In 1498, Savonarola’s fanatical theocracy was over after only four years. The Medicis returned to Florence and the humanist spirit of the Italian Renaissance continued to flourish. So did the extravagant Borgia papacy in Rome.

Donald Trump’s fate will be fixed not by excommunication, or impeachment, but by the American people when they go to the polls in November. While America burns, Trump is tweeting and posing with a Bible in a desperate attempt to appeal to the conservative and fundamentalist Americans who voted for him in 2016. He will continue railing against corrupt elites, and he will keep promising to make America great again. But the timing is not good for Trump. America is plunged into its worst crisis since the Great Depression — first by a global pandemic, now by a wave of violent protests transforming American cities into bonfires of vain hopes for a more just society.

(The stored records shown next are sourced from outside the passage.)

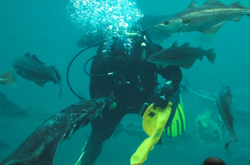 Falls Interesse vorhanden, Vormittags ins Alesund Aquarium gehen. Dort siehst Du fast alles, was so vor Norwegens Küste lebt, kannst gegen 12.00 Uhr die Fütterung der Fische durch einen Taucher erleben usw.. Der dortige Parkplatz verleitet zum kostenlosen Übernachten. Ist in der Saison aber problematisch, weil eigentlich nicht zulässig. Als wir in der zweiten Hälte September dort standen, gab es aber ausser uns niemanden, also störten wir auch nicht. Neben dem Aquarium befindet sich auch der Badestrand von Alesund in einem kleinen Park.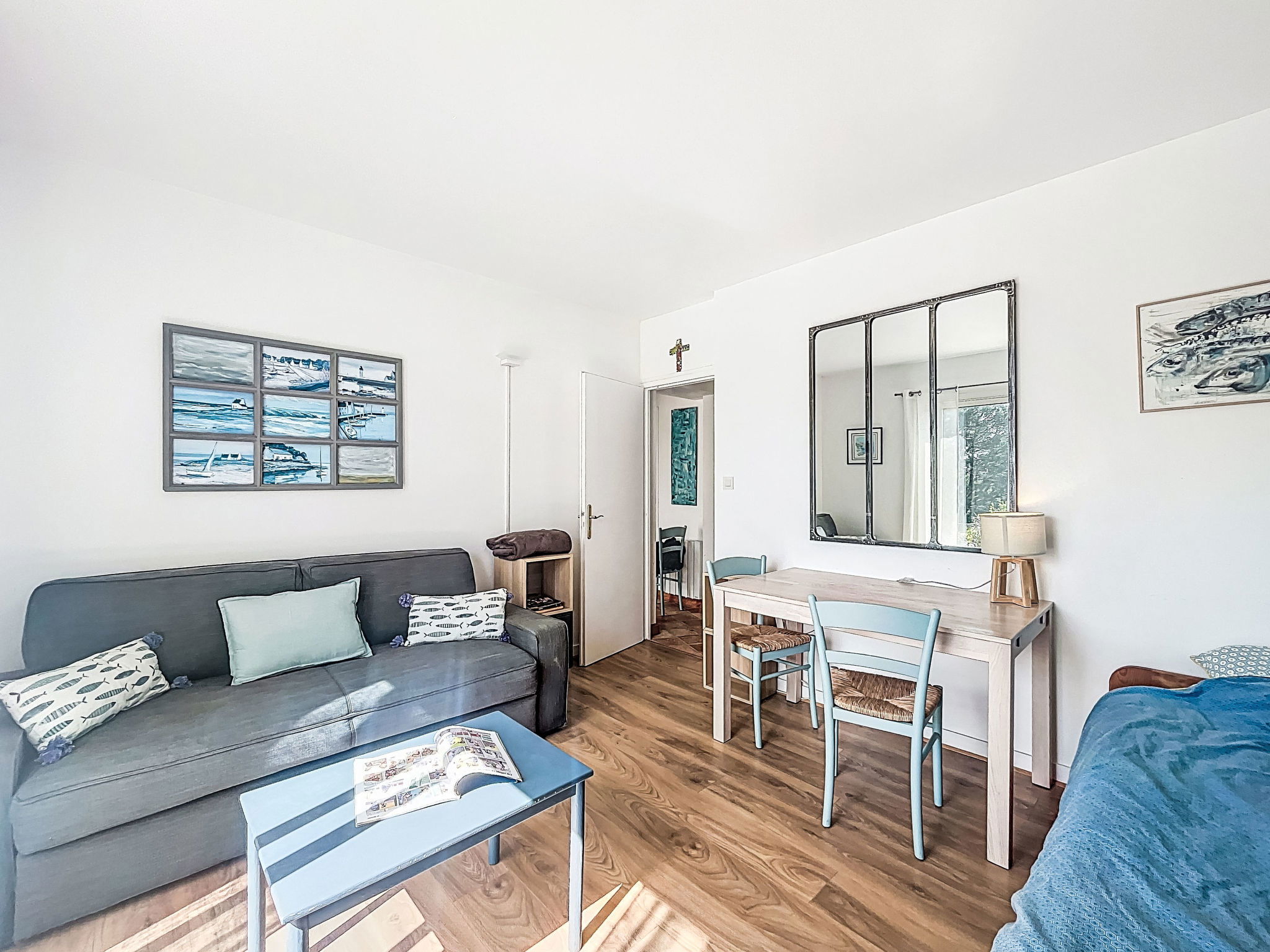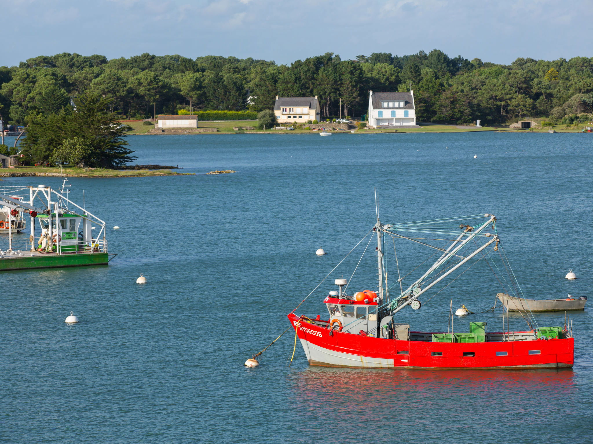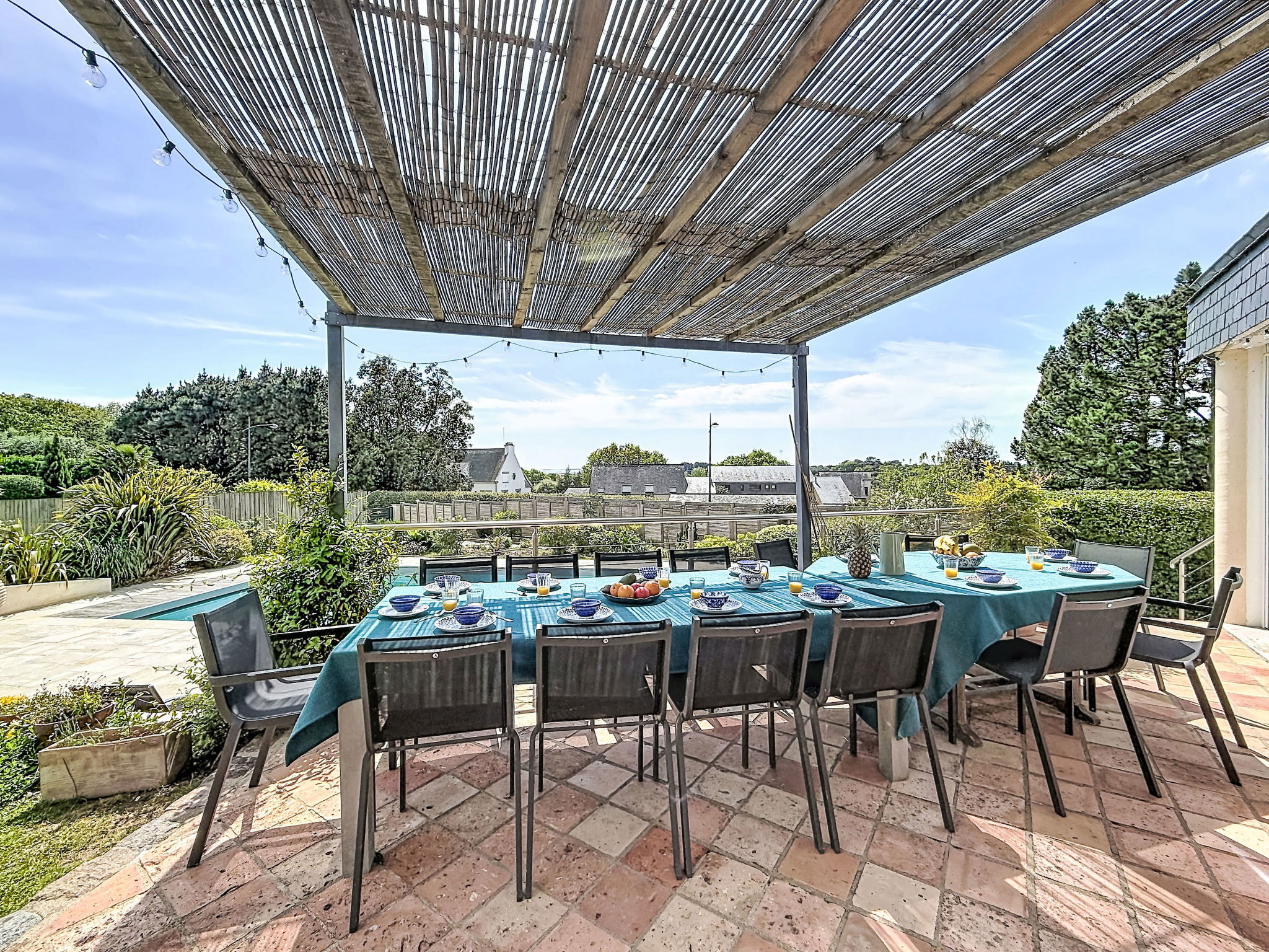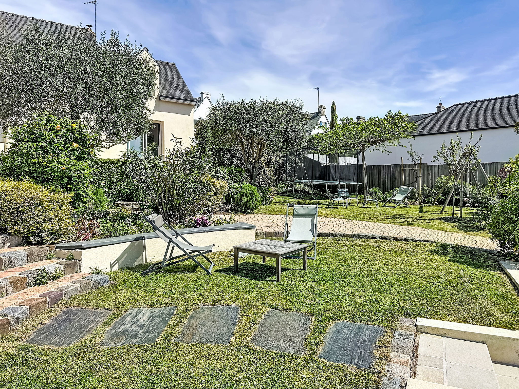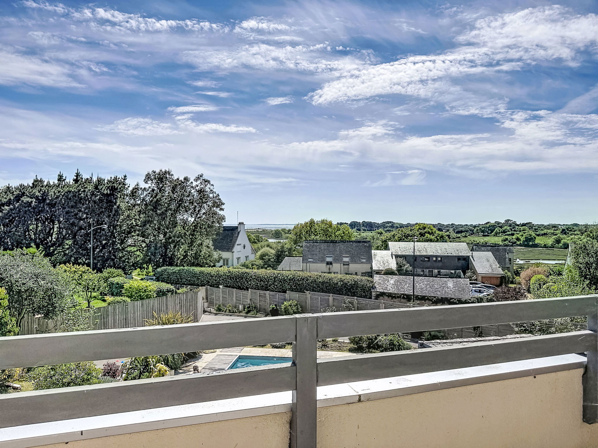 Villa "Villa Trugarez". Dans la localité, à 800 m du centre, à 900 m de la mer, à 2.5 km de la plage. A usage privé: terrain 1'200 m2 (clôturé), jardin entretenu, piscine rectangulaire, chauffée (4 x 9 m, profondeur 150 - 200 cm, disponibilité saisonnière: 01.Mai. - 30.Sep.) avec alarme de sécurité. Place de parking (pour 4 voitures) sur le terrain. Magasins, magasin d'alimentation, supermarché 800 m, restaurant 900 m, boulangerie 1 km, café 900 m, arrêt de bus 800 m, plage de sable "Port Biren" 2.5 km, centre thermal "Thalazur" 5 km. Port plaisance 900 m, terrain de golf (18 trous) 15 km, ecole de surf 9 km, ecole de voile 1.5 km, tennis 3 km. Attractions à proximité: Les alignements de Carnac 5 km, Presqu'île de Quiberon 13 km, Auray & Saint-Goustan 18 km, Vannes 32 km, Lorient 49 km. Région de randonnées: Golfe du Morbihan, Belle-île-en-mer.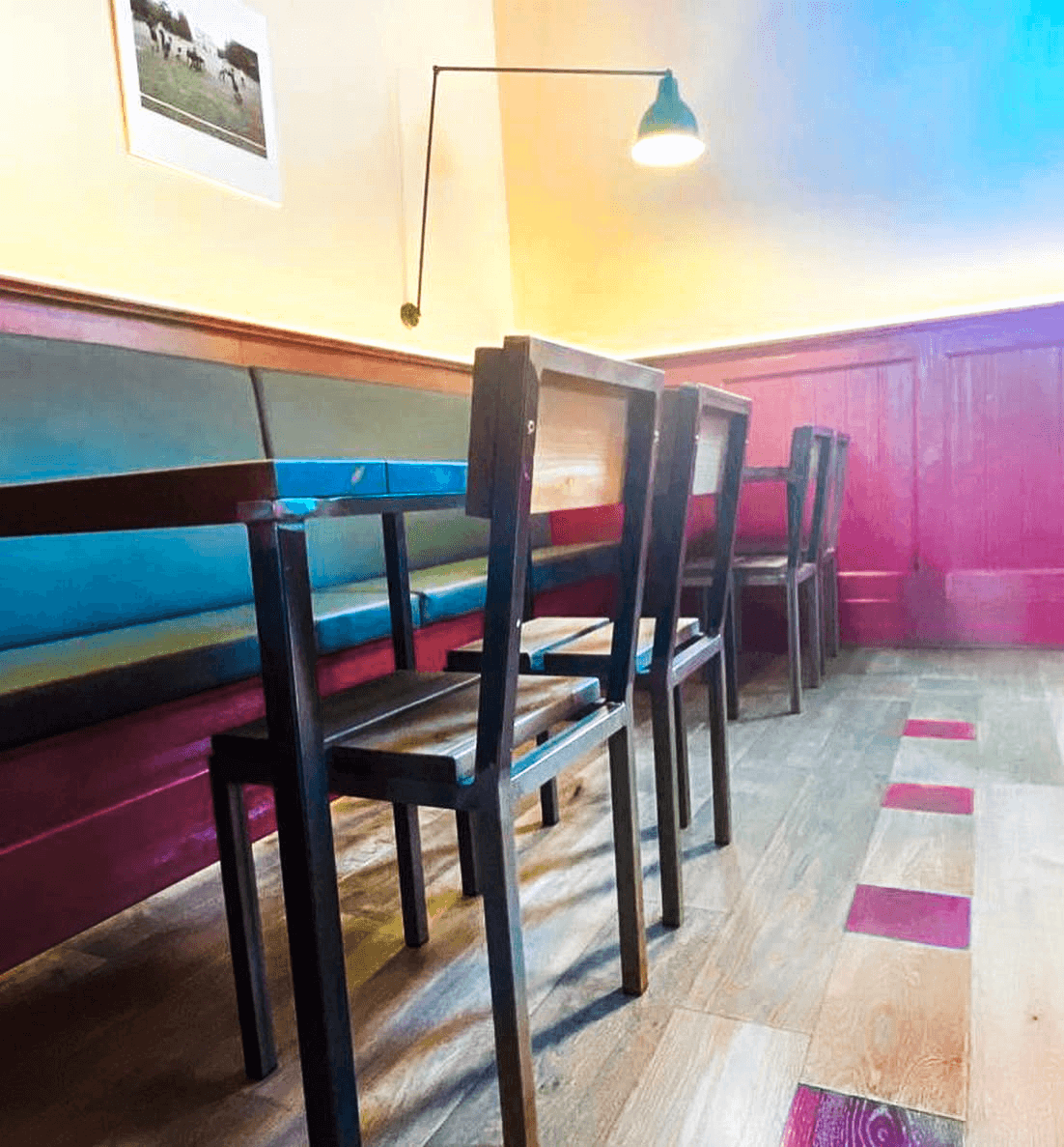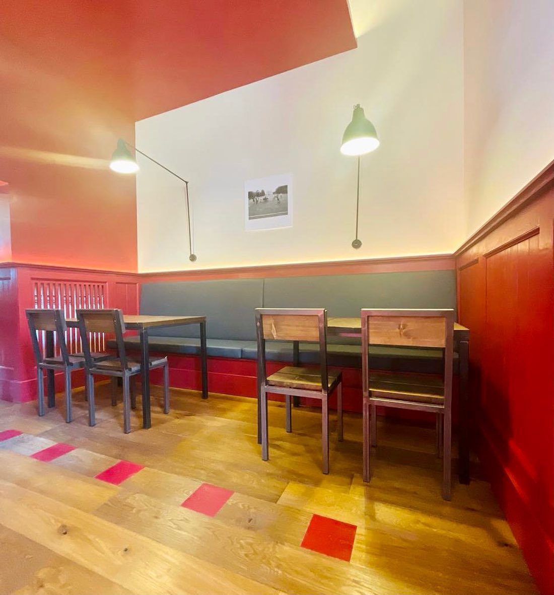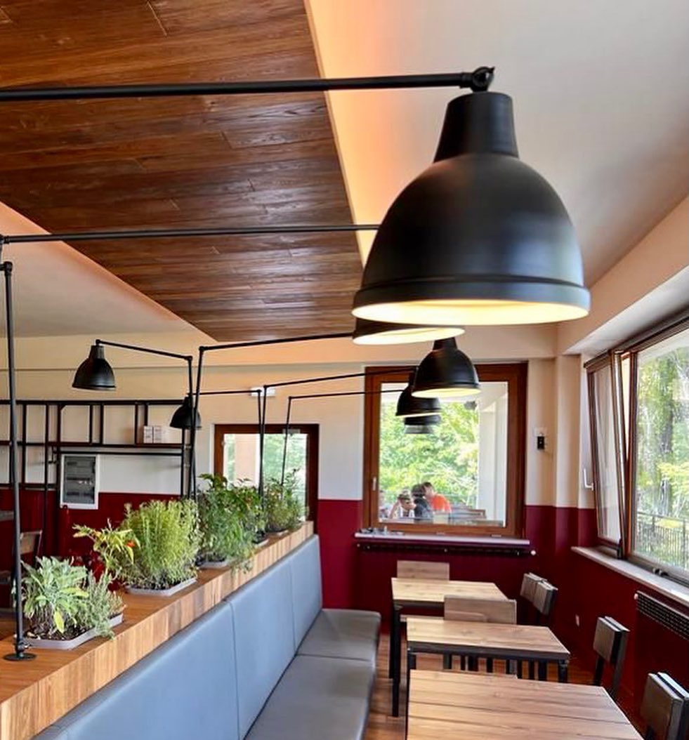 The environment is characterised by a strong visual impact thanks to the contrast between the planked Oak wood panelling, the Smoked colour of the Essere collection, and the intense red of the walls. The design enhances the brand identity through customised solutions, with essential furniture, clean lines and bold graphic details. The seating, table layout and the use of aromatic herbs as decorative elements reinforce the feeling of authenticity and cosiness, making the restaurant a reference point for an identifiably modern dining experience.

If abandoned by the voters who once venerated him as a modern Cyrus, Trump will come to grief just as Savonarola did five centuries ago — scorned as a false prophet who made bold promises but failed to deliver. Yet even defeat will not likely extinguish the iconic status of Donald Trump in American political culture. After Savonarola’s death, his myth spread and a devoted cult grew around his name and legacy. If American voters reject Trump at the polls, many of his most fanatical followers will doubtless remain faithful to the cult of Trumpism.